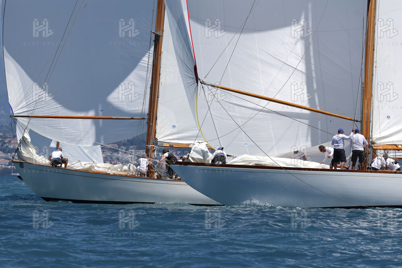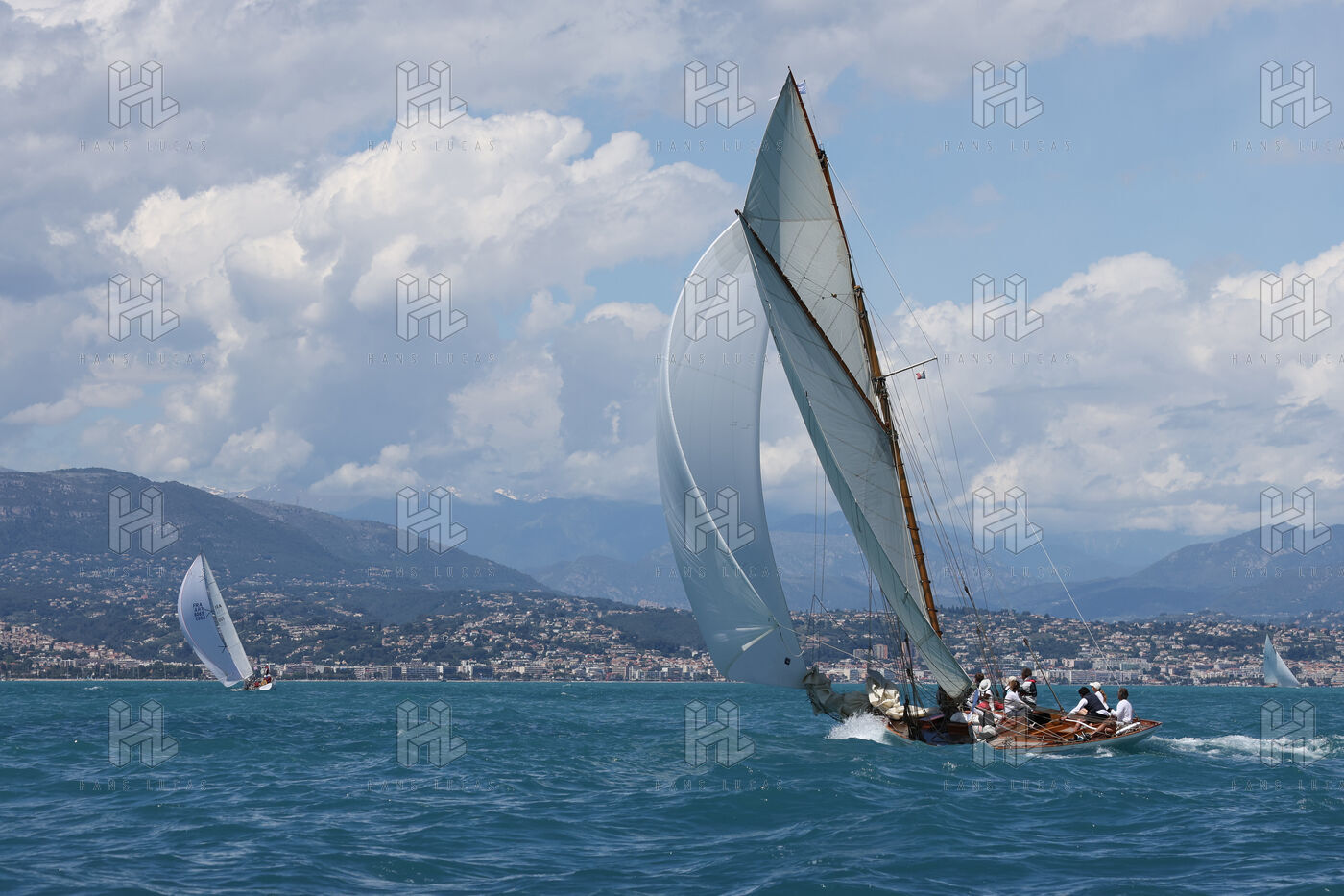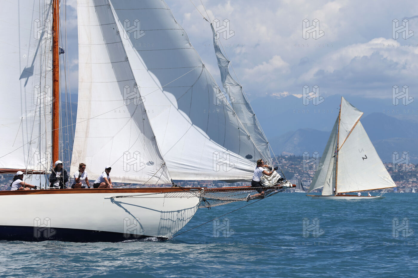 The crews compete on traditional sailboats during the 29th edition of the Voiles d'Antibes, where adventure and luxury combine in a sporting and friendly tradition.
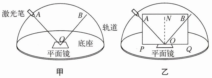 (2)多次改变激光笔在轨道上的位置,小红调整视角,均能观察到反射光OB挡住入射光AO的现象,如图乙所示,将长方形纸板与AO、OB所在平面重合,其底边PQ紧贴平面镜,在纸板上即可显示出入射光线和反射光线,多次测出纸板和平面镜的夹角:
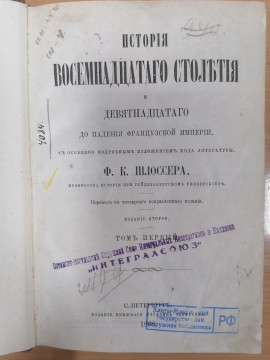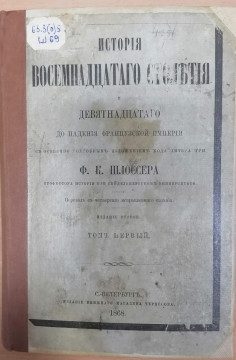 | Наименование документа | История восемнадцатого столетия и девятнадцатого до падения французской империи с особенно подробным изложением хода литературы : перевод с 4 исправленного издания : [в 8 томах] / Ф. К. Шлоссер, профессор истории при Гейдельбергском университете. - 2-е издание. - Санкт-Петербург : Издание книжного магазина Черкесова, 1868 - .
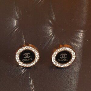 Round Crystals Stud Gold Black Earrings Women Fashion Casual Formal Jewelry Gift
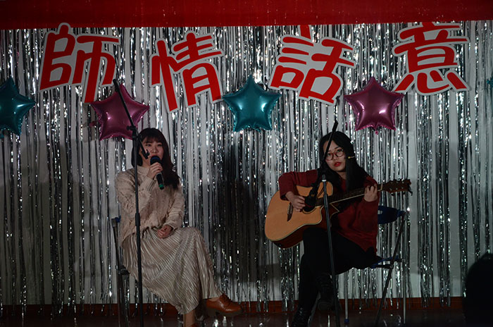 最后压轴篇章“木兰花开”中,刘更生老师演唱了淮剧片段,并与两位同学共唱《夫妻双双把家还》,一同感受师生同乐的现场氛围。三年制班的歌舞《Cups》,带来了玻璃杯和灯光搭配的创意,动感十足。话剧《白雪公主》,融合了化学班的学科特点,在跌宕起伏的情节中穿插各种化学小实验,夺人眼球。小品《孔雀东南飞》,被学科教学英语班演绎的曲折生动,同时又笑点不断。杨作东院长特地为大家带来一首《天路》,浑厚的声音饱含感情,举手投足间体现出教师的风范。最后,学科教学地理的同学们合唱《汉口西路的日子》,用改编的歌词传达出对研究生学习生活的热爱珍视。
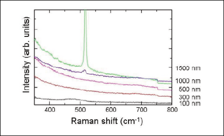 Figure 5: Raman spectra for Si films with various thickness after millisecond annealing. Gradual increase of each spectrum in small wavenumber region indicates Rayleigh scattering.
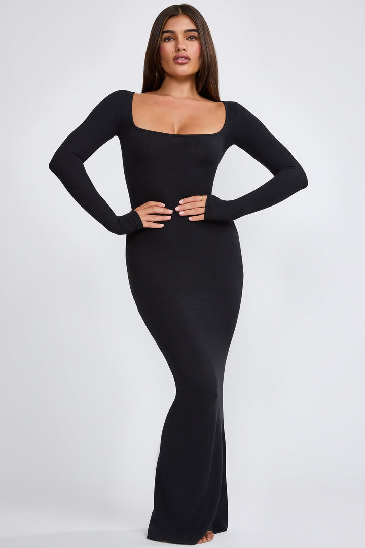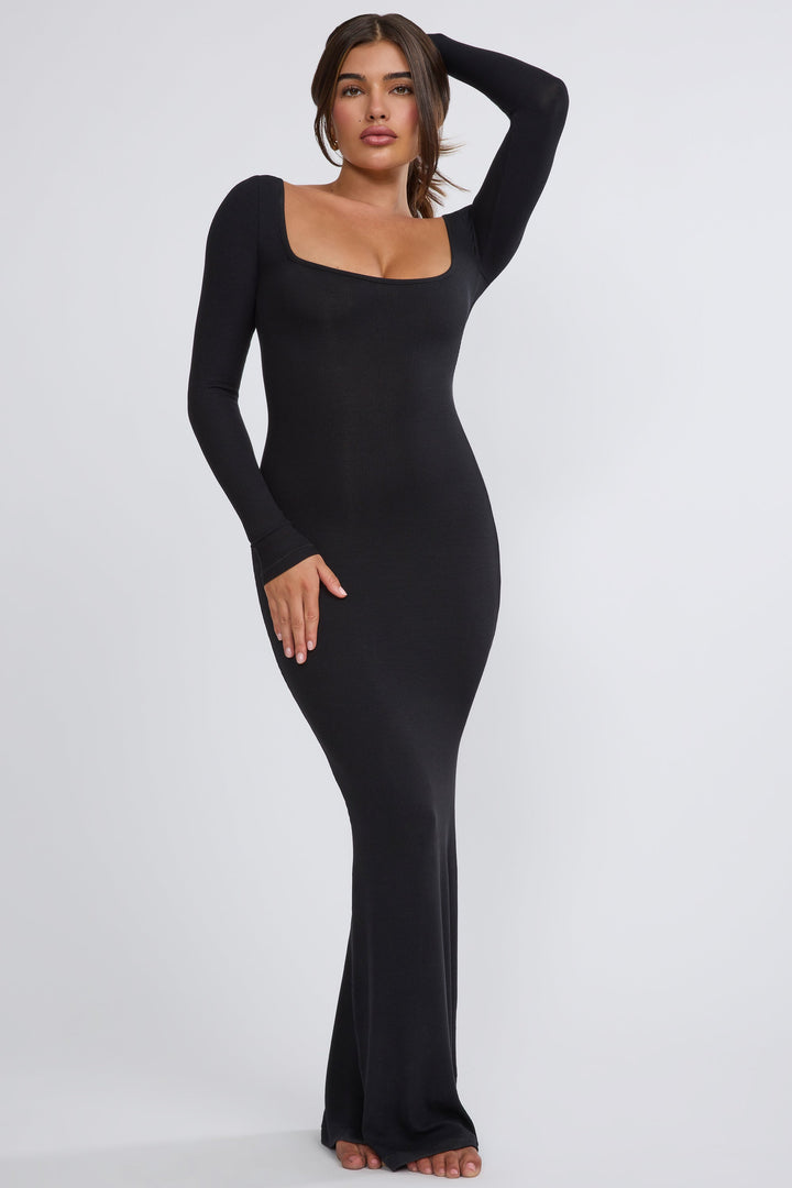 Siyah Fitilli Modal Uzun Kollu Maxi Elbise
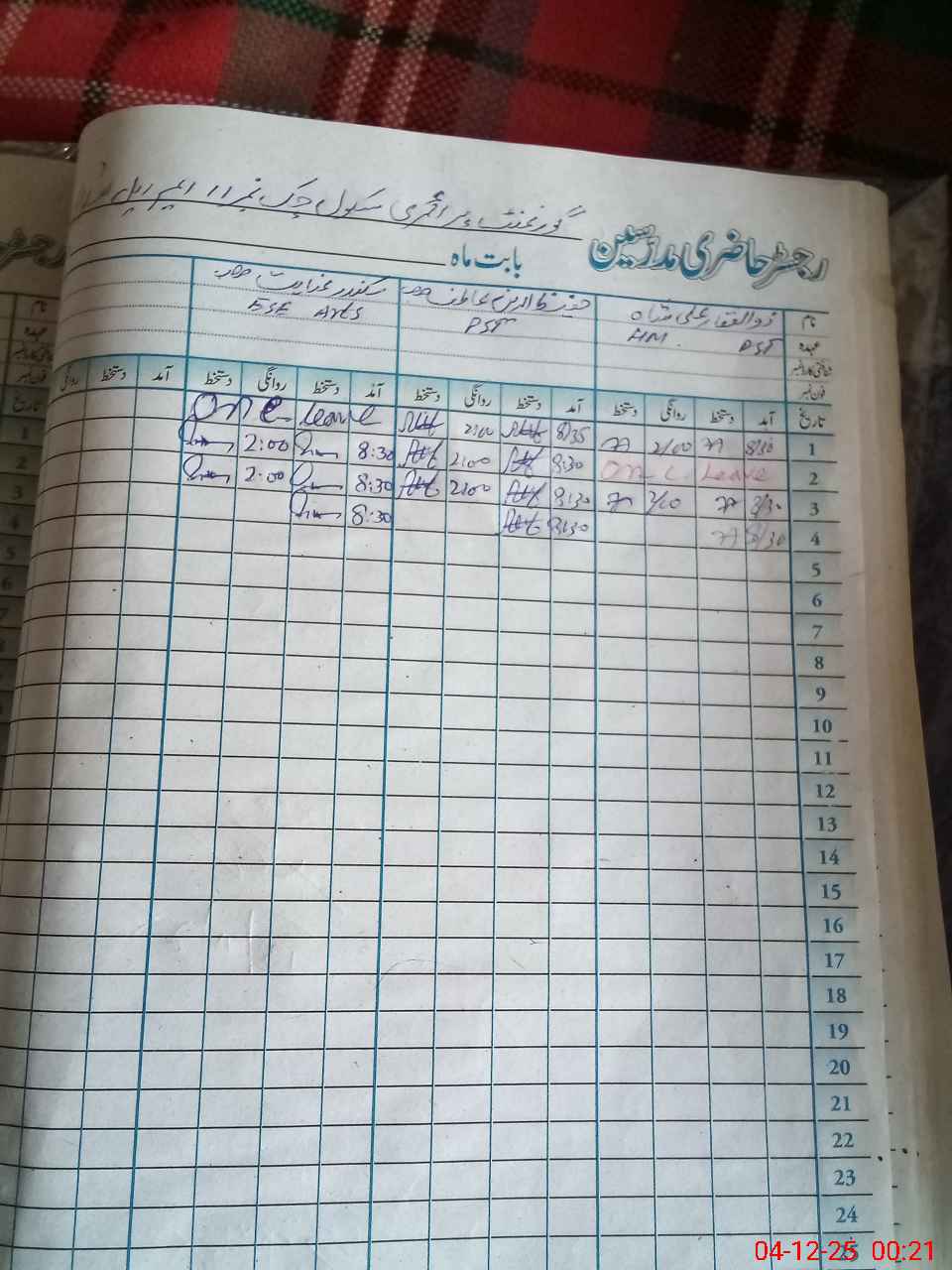 | Name: ZU**** AL**** SH**** Designation: (School Headmaster's/Headmistress's) PST Phone/Cell Number: 03**** |

----------------

■ Required work:
May I have only the lines from the start of the data through the line containing "(2)多次改变激光笔在轨道上", both included, reproduced exactly and without the pictures?

■ Written answer:
 The crews compete on traditional sailboats during the 29th edition of the Voiles d'Antibes, where adventure and luxury combine in a sporting and friendly tradition.
 (2)多次改变激光笔在轨道上的位置,小红调整视角,均能观察到反射光OB挡住入射光AO的现象,如图乙所示,将长方形纸板与AO、OB所在平面重合,其底边PQ紧贴平面镜,在纸板上即可显示出入射光线和反射光线,多次测出纸板和平面镜的夹角:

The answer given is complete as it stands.